Prior to the 2011 reapportionment following the 2010 Census, Verona had been in the 40th state legislative district. Prior to the 2010 Census, Verona had been part of the , a change made by the New Jersey Redistricting Commission that took effect in January 2013, based on the results of the November 2012 general elections.

Politics
As of March 2011, there were a total of 9,911 registered voters in Verona, of which 3,194 (32.2%) were registered as Democrats, 2,329 (23.5%) were registered as Republicans and 4,387 (44.3%) were registered as Unaffiliated. There were no voters registered as Libertarians or Greens.

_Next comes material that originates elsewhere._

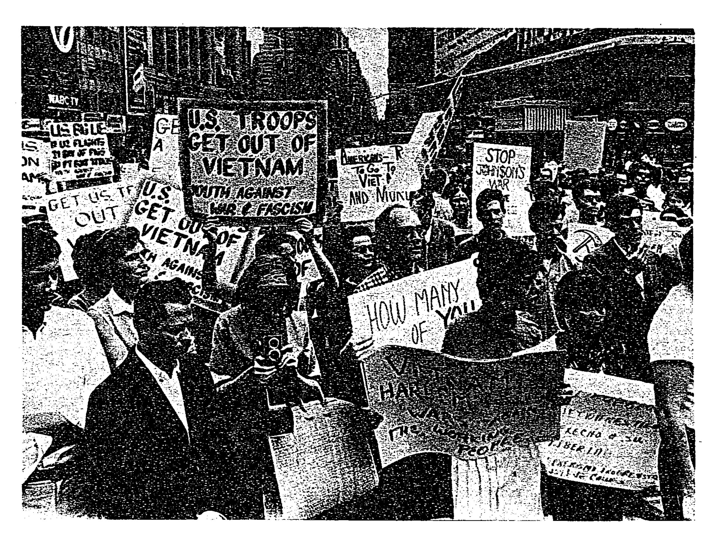
The new left wing is way far out-often in the direction of Mao. Here, a demonstration on Broadway.

In the 2012 presidential election, Democrat Barack Obama received 50.3% of the vote (3,662 cast), ahead of Republican Mitt Romney with 48.9% (3,563 votes), and other candidates with 0.8% (61 votes), among the 7,366 ballots cast by the township's 10,396 registered voters (80 ballots were spoiled), for a turnout of 70.9%. In the 2008 presidential election, Republican John McCain received 49.6% of the vote (3,730 cast), ahead of Democrat Barack Obama with 48.8% (3,664 votes) and other candidates with 0.8% (57 votes), among the 7,515 ballots cast by the township's 9,750 registered voters, for a turnout of 77.1%. In the 2004 presidential election, Republican George W. Bush received 51.4% of the vote (3,900 ballots cast), outpolling Democrat John Kerry with 47.4% (3,597 votes) and other candidates with 0.7% (67 votes), among the 7,587 ballots cast by the township's 9,697 registered voters, for a turnout percentage of 78.2.

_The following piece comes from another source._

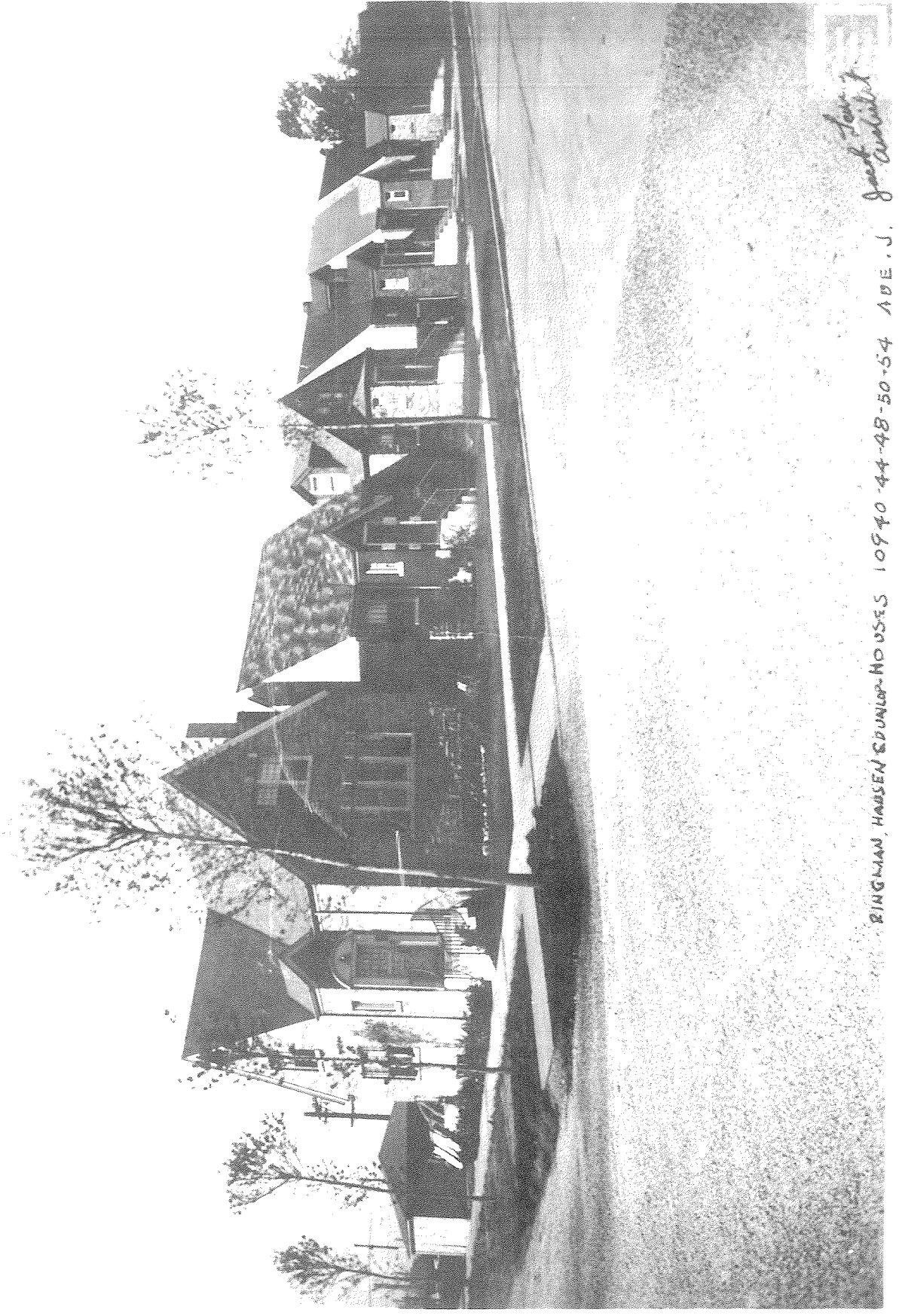
BINGLIAN, HANSEN & JUNIOR HOUSES 10970 44-48-50-54 ADE. J.

In the 2013 gubernatorial election, Republican Chris Christie received 59.2% of the vote (2,645 cast), ahead of Democrat Barbara Buono with 39.6% (1,768 votes), and other candidates with 1.3% (56 votes), among the 4,527 ballots cast by the township's 10,442 registered voters (58 ballots were spoiled), for a turnout of 43.4%. In the 2009 gubernatorial election, Republican Chris Christie received 49.1% of the vote (2,521 ballots cast), ahead of  Democrat Jon Corzine with 40.1% (2,062 votes), Independent Chris Daggett with 9.4% (482 votes) and other candidates with 0.8% (43 votes), among the 5,137 ballots cast by the township's 9,738 registered voters, yielding a 52.8% turnout.

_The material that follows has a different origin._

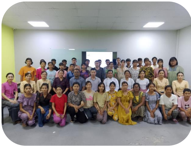
Batch - 241 Group Photo

B asic Sewing Machine Operator Training (Batch – 241) was held on August 5 th to 23 rd , 2024 at Myanmar Garment Human Resources Development Training Center (MGHRDC), organized by Myanmar Garment Manufacturers Association (MGMA).

Current and previous mayors

Education

Public schools
The Verona Public Schools is the public school district in Verona, which serves students in pre-kindergarten through twelfth grade. The district has six campuses: four neighborhood elementary schools, one middle school and one high school. As of the 2020–21 school year, the district, comprised of six schools, had an enrollment of 2,211 students and 182.3 classroom teachers (on an FTE basis), for a student–teacher ratio of 12.1:1. Schools in the district (with 2020–21 enrollment data from the National Center for Education Statistics) are 
Brookdale Avenue School with 131 students in grades K–4, 
Frederic N. Brown School with 274 students in grades K–4, 
Forest Avenue School with 213 students in grades K–4, 
Laning Avenue School with 233 students in grades Pre-K–4, 
Henry B. Whitehorne Middle School with 643 students in grades 5–8 and 
Verona High School with 686 students in grades 9–12. 

The high school mascot is the "Hillbilly". However, this mascot has become controversial as a result of opposition from previous school Superintendent Earl Kim. In the face of community support for the traditional name, the mascot was retained. The original mascot was depicted with a rifle and jug of moonshine. The rifle and jug and have been replaced with a fishing pole and a dog.

The district has been recognized on three occasions with the Best Practice Award, honoring specific practices implemented by a district for exemplary and/or innovative strategies. In addition, three schools in the district was named a "Star School" by the New Jersey Department of Education, the highest honor that a New Jersey school can achieve. The school was the 70th-ranked public high school in New Jersey out of 328 schools statewide in New Jersey Monthly magazine's September 2012 cover story on the state's "Top Public High Schools", after being ranked 53rd in 2010 out of 322 schools listed.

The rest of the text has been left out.